Senator Schumer’s letter to the VA reads as follows:
Dear Secretary Shulkin,
As the Veterans’ Administration (VA) and National Academy of Sciences, Medicine, and Engineering (NAM) work to examine potential causal relationships between certain illnesses and exposure to dioxins such as Agent Orange, I ask that the VA to take several steps to better assist the veterans, families, and Veteran Service Organizations (VSOs) who are working to see the VA establish a presumption of service connection for Glioblastoma. As you know, Glioblastoma accounts for nearly 15% of all brain tumors and accounts for the highest number of cases of all malignant tumors. The America Brain Tumor Association (ABTA) estimates over 12,000 new cases in 2017.

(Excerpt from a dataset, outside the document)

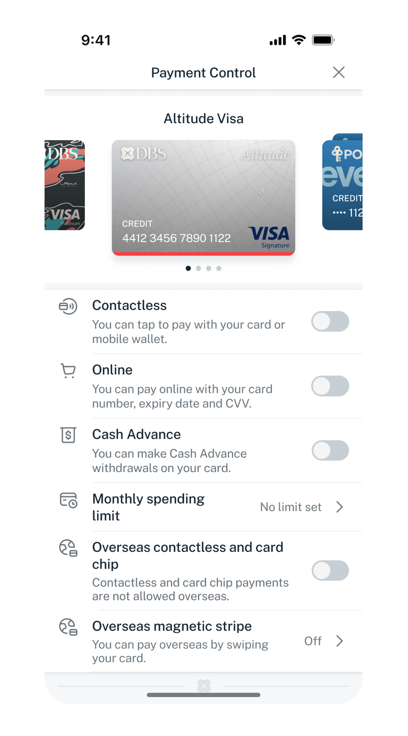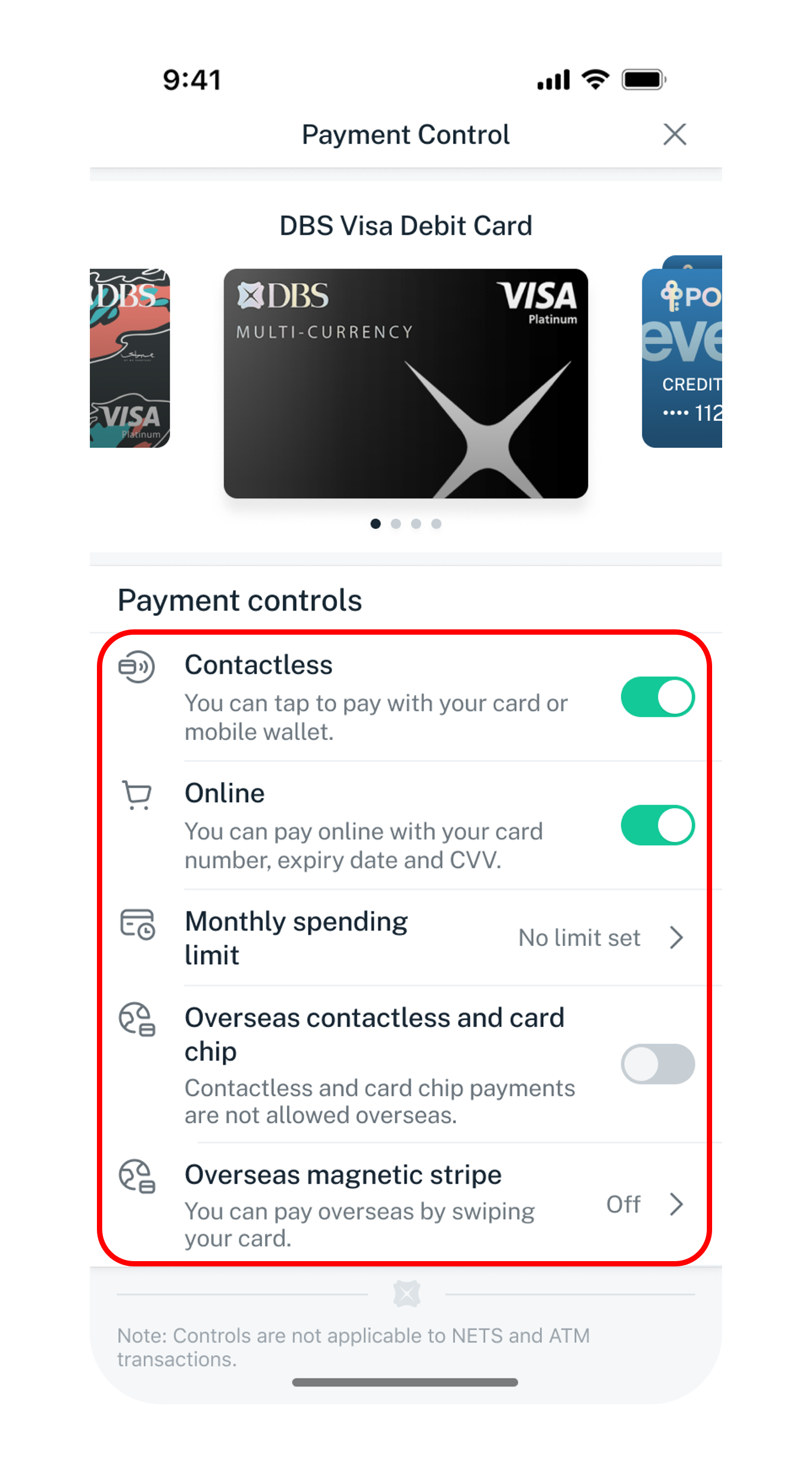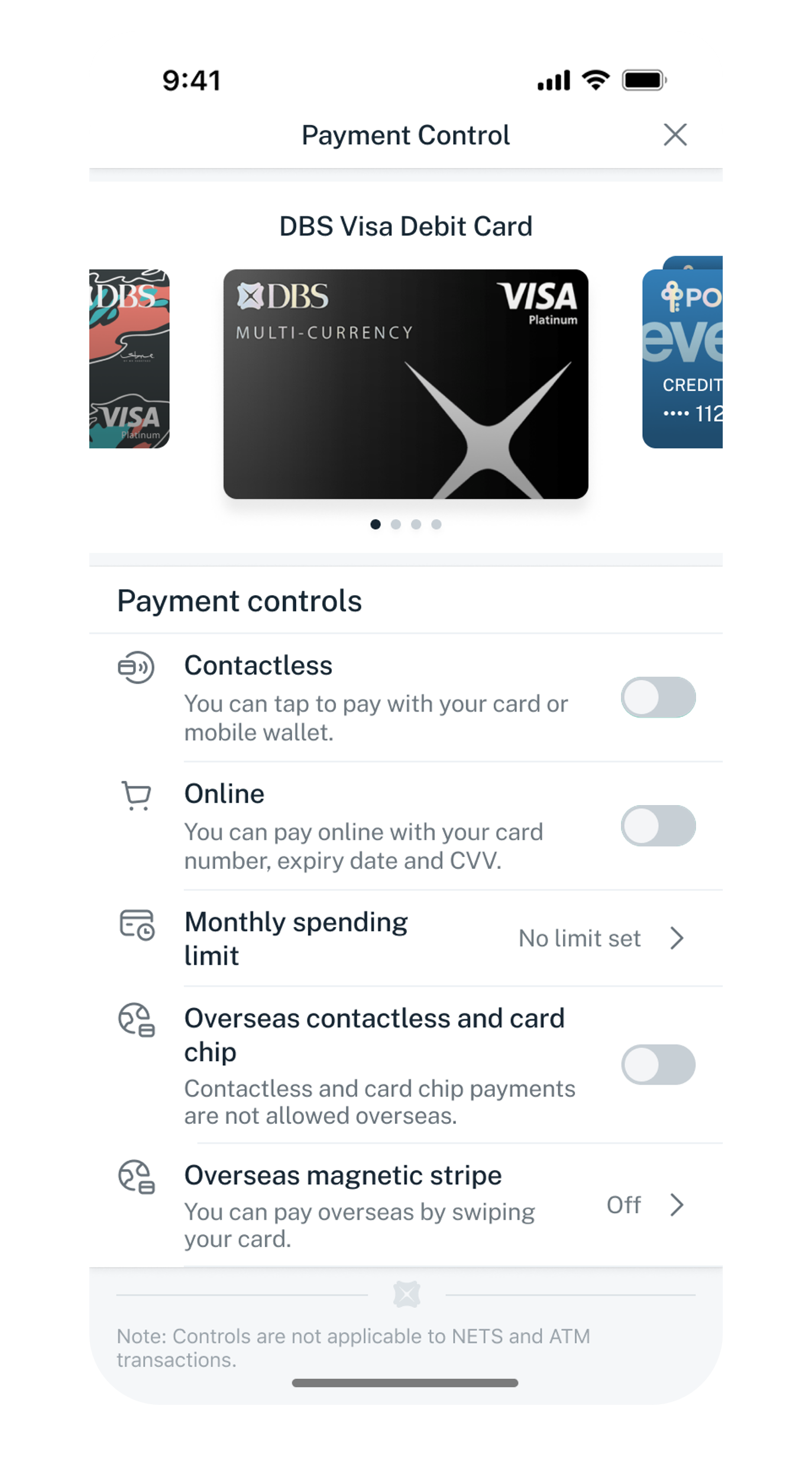 Examples include: SP Utilities recurring payments, AIA recurring insurance via In-app, Apple subscription. - Any new card replacement will not reset your customised card functions. If required, you may amend the setting once card is activated.

First, I request that the VA make publically available all claims submitted by veterans, or VSOs on a veteran’s behalf, for service-connected disability compensation due to a veteran’s diagnosis of Glioblastoma. This should include any related medical or scientific information appropriately screened to safeguard any personal information. Because Glioblastoma does not currently carry a presumption of service connection, veterans and their families are forced to pursue an often years-long appeal process for disability compensation. While the VA Appeals Board issued about 20 affirmative determinations on these cases between 2009-2016, organizations like Vietnam Veterans of America report that the lack of ready access to the initial claim filings needlessly encumbers their ability to discover new information necessary to advocate for subsequent claimants.

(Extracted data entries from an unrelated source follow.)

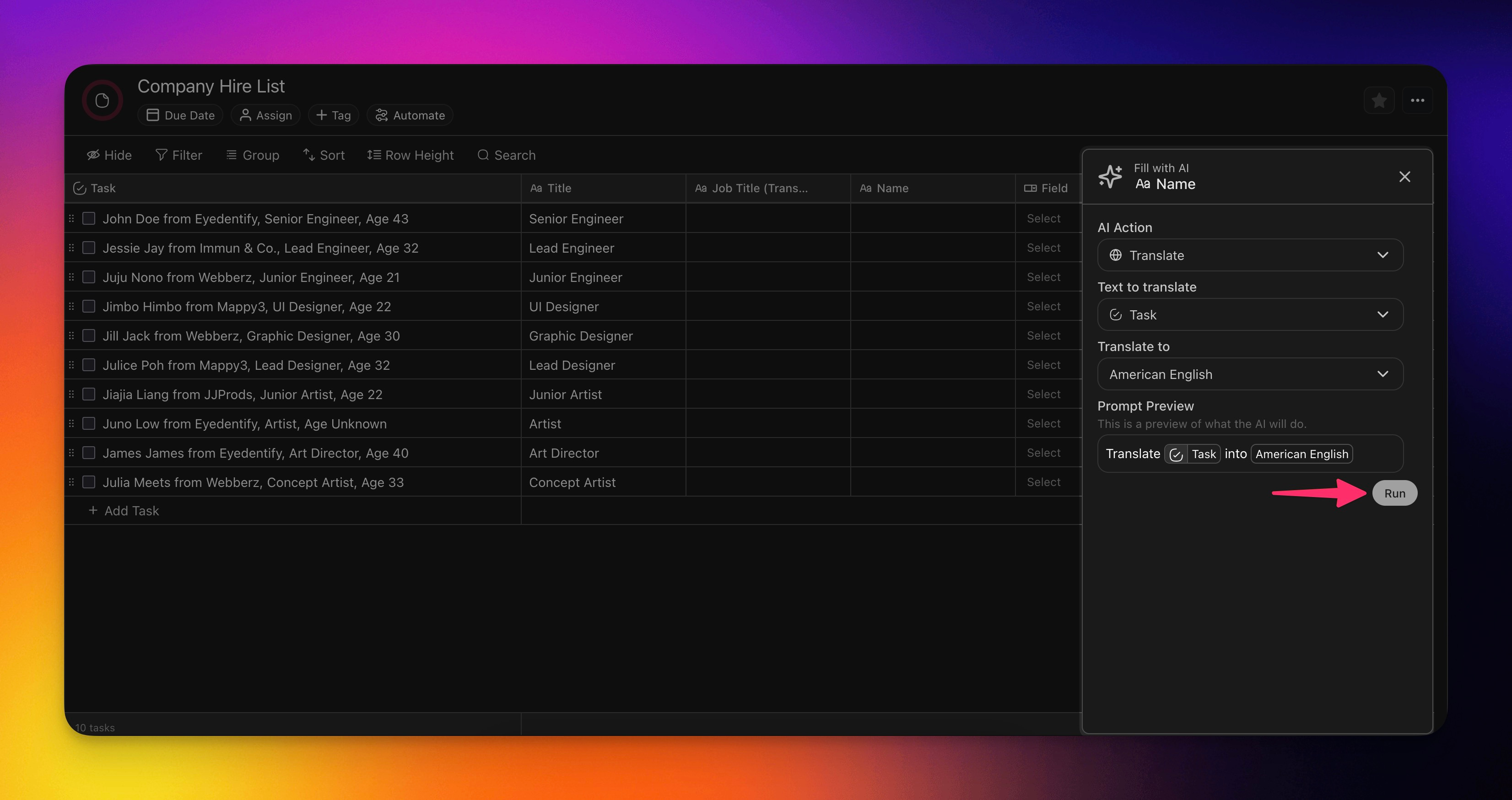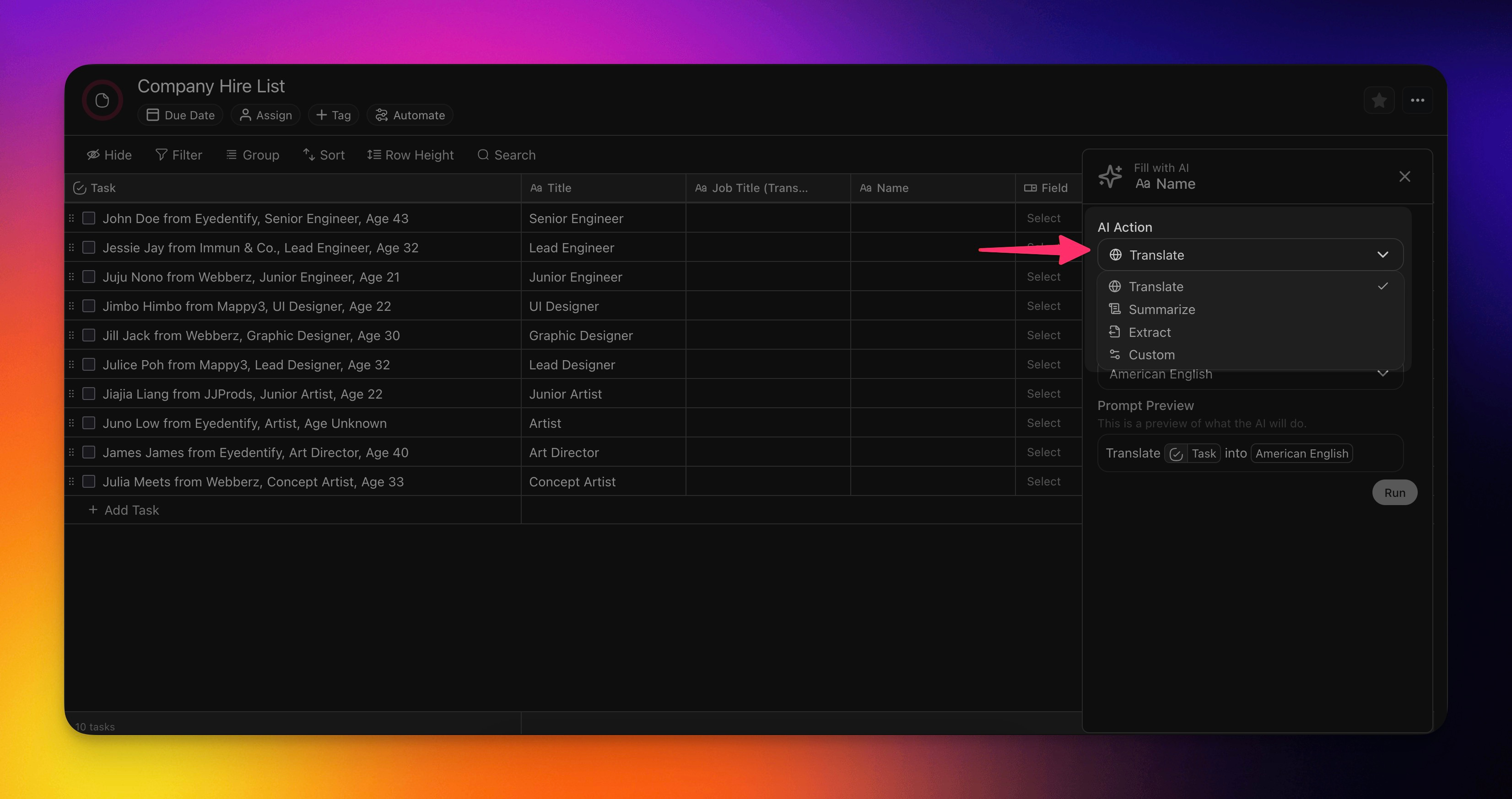 Fill in AI in the Table View allows you to automatically populate table columns. Translate, summarize, or extract information without extra manual steps.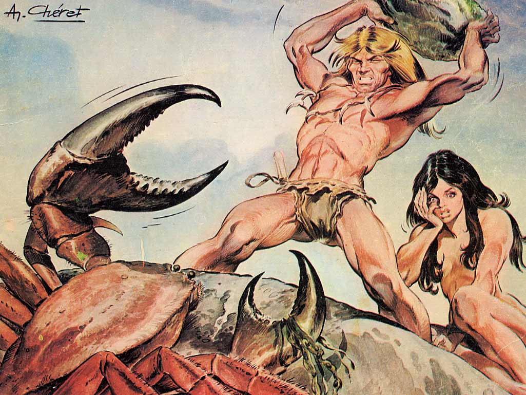 Rahan prêt à écraser un crabe. Faut-il y voir un signe ? Mais c’est un coriace un crabe…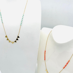 Ce collier fantaisie en métal doré est orné d’un pendentif délicat constitué de pampilles de perles colorées. Les perles de couleur ajoutent une touche de charme et de féminité à ce collier, lui donnant une allure à la fois moderne et intemporelle.

Tom Cray, my constituent from Rochester, New York who served bravely in Vietnam, has pursued service-related compensation for his Glioblastoma for several months. Tom served two combat tours in Vietnam and was diagnosed with Glioblastoma in January 2017 at a non-VA hospital. His family subsequently submitted a VA claim to cover the cost of his cancer treatment. Although his physicians have documented that his Glioblastoma is likely a factor linked to his exposure to Agent Orange, the VA is requiring the Cray family to provide independent medical studies or evidence to support their claim, despite the likelihood that this type of evidence has previously been submitted to the VA by prior claimants.
Secondly, I ask that the VA take steps to fill the known gaps in its Glioblastoma data set for Vietnam era veterans. Currently, the VA approximates that 500 veterans have been diagnosed with Glioblastoma since 2000. This is because the VA only maintains tracks the number of veterans diagnosed at a VA Hospital, but not those such as Mr. Cray who were diagnosed at a non-VA hospital. To better assess the potential links between this cancer and herbicide exposure, the VA should take steps to correct these known discrepancies.
Finally, I encourage the VA to commission research to determine whether a causal relationship exists between Glioblastoma and exposure to dioxins like Agent Orange. I applaud the VA for authorizing the National Academy of Medicine to begin new research on Glioblastoma among Vietnam era veterans: Possible generational health effects that may be the result of herbicide exposure among male Vietnam veterans, myeloproliferative neoplasms, and glioblastoma. It is likely this study will yield the need for further follow-up research on Glioblastoma therefore I urge the VA to provide all necessary support to conduct this study in a timely fashion and to provide any and all resources to conduct subsequent research that will be recommended by the study
Thank you for your attention to this matter.